Do not consider the following to be formal answers, guidance, or laws of nature. I'm only trying to help share some perspective.
From the RHEL Product Management (PM) side, we observed the following customer+market problems. Note this is not a perfect list but a rough, paraphrased, quick brain dump:
- Customers think we had too many repos. It is hard to find what they need.
- optional, supplementary, extras, software collections, and more...
- Customers need more options that are fully supported to meet their production workload requirements.
- 1. "I need as little change as possible. I will stick with the version of DB provided with X.0 release for the next 10 years."
- 2. "I need newer versions of xyz to benefit from some features."
- 3. A few states in between 1 & 2.
- "Software Collections are helpful and provide us more choices, but the user experience is awkward and most of the time we only install 1 version at a time, with the exception of a few programming language environments (multiple python, gcc, and so forth)." And it's a different repo and a non-native software management workflow.
- RH need the distinction to provide realistic life cycles that matched the true upstream life cycle. 5 year life cycles of DB's are a good example, as well as the python 2 reaching its end of life. Application Stream modules help with defining this, as well as enabling customers to block access to versions that have reached the end of their life cycle.
Thus, RHEL PM asked for a method so solve these problems above. PM objectives ideally should not dictate the technical implementation but rather focus on addressing the customer/market problems, user experience, supportability, and things like that. My understanding was that package-name-versioning could have been acceptable to PM, but there were a number of support and engineering challenges which led to the modularity design.

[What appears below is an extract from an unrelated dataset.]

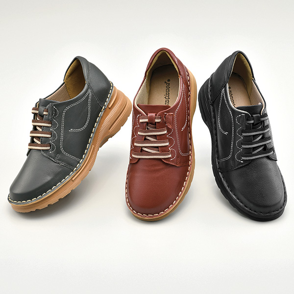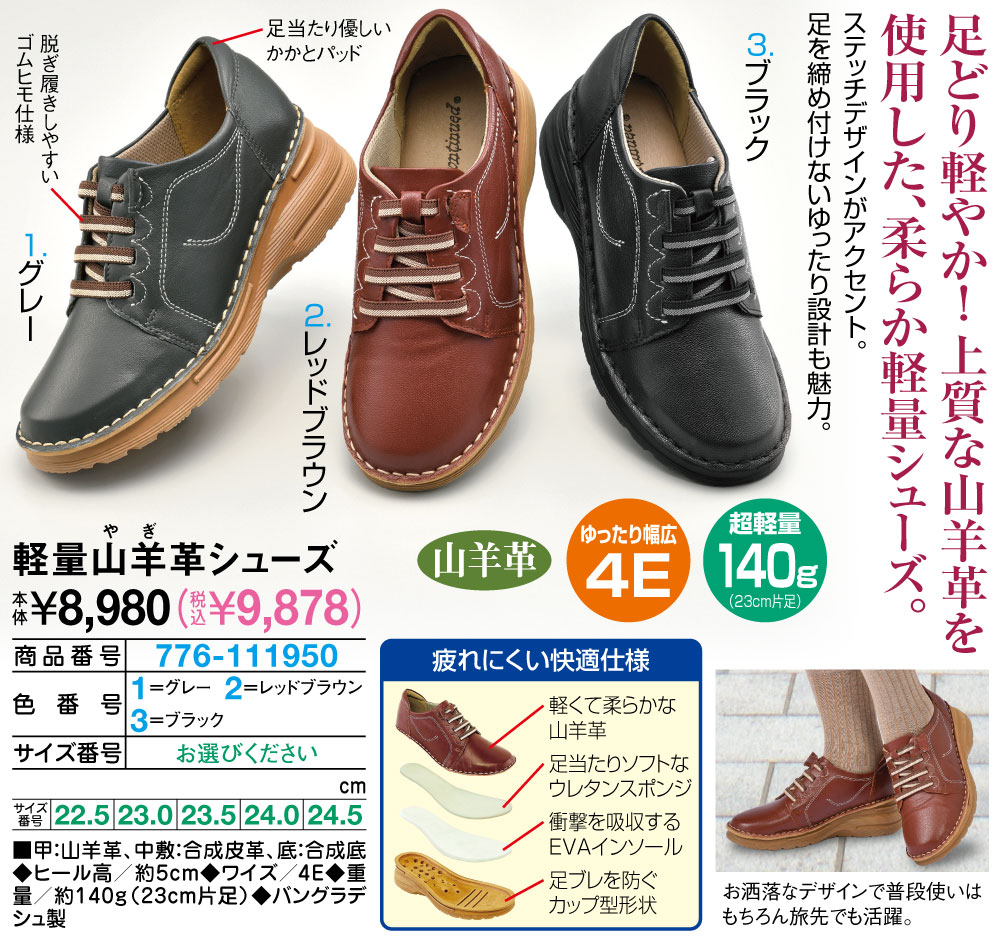 足どり軽やか!上質な山羊革を使用した、柔らか軽量シューズ! ステッチデザインがアクセント。 足を締め付けないゆったり設計も魅力。 お洒落なデザインで普段使いはもちろん旅先でも活躍。 足当たり優しいかかとパッド 脱ぎ履きしやすいゴムヒモ仕様 【疲れにくい快適仕様】 軽くて柔らかな山羊革 足当たりソフトなウレタンスポンジ 衝撃を吸収するEVAインソール 足ブレを防ぐカップ型形状 ●ゆったり幅広4E

That said, some of the internal guidance was that:
- Only select modules are parallel installable, primarily programming languages such as python.
- while modularity could help with some traditional repository challenges, it does not solve all, nor does it make RPM dependency problems go away. Therefore only select things in Appstream should be modularized, usually when collections of rpms serve a common use case, such as databases or Identity Management.
- The RHEL distribution ensures a sane state of compatibility to ensure a good user experience. So the analogy of conflicts with many different repos does not magically go away.
- Disciplined distribution content management policies and compatibility are still required as if they were different repos.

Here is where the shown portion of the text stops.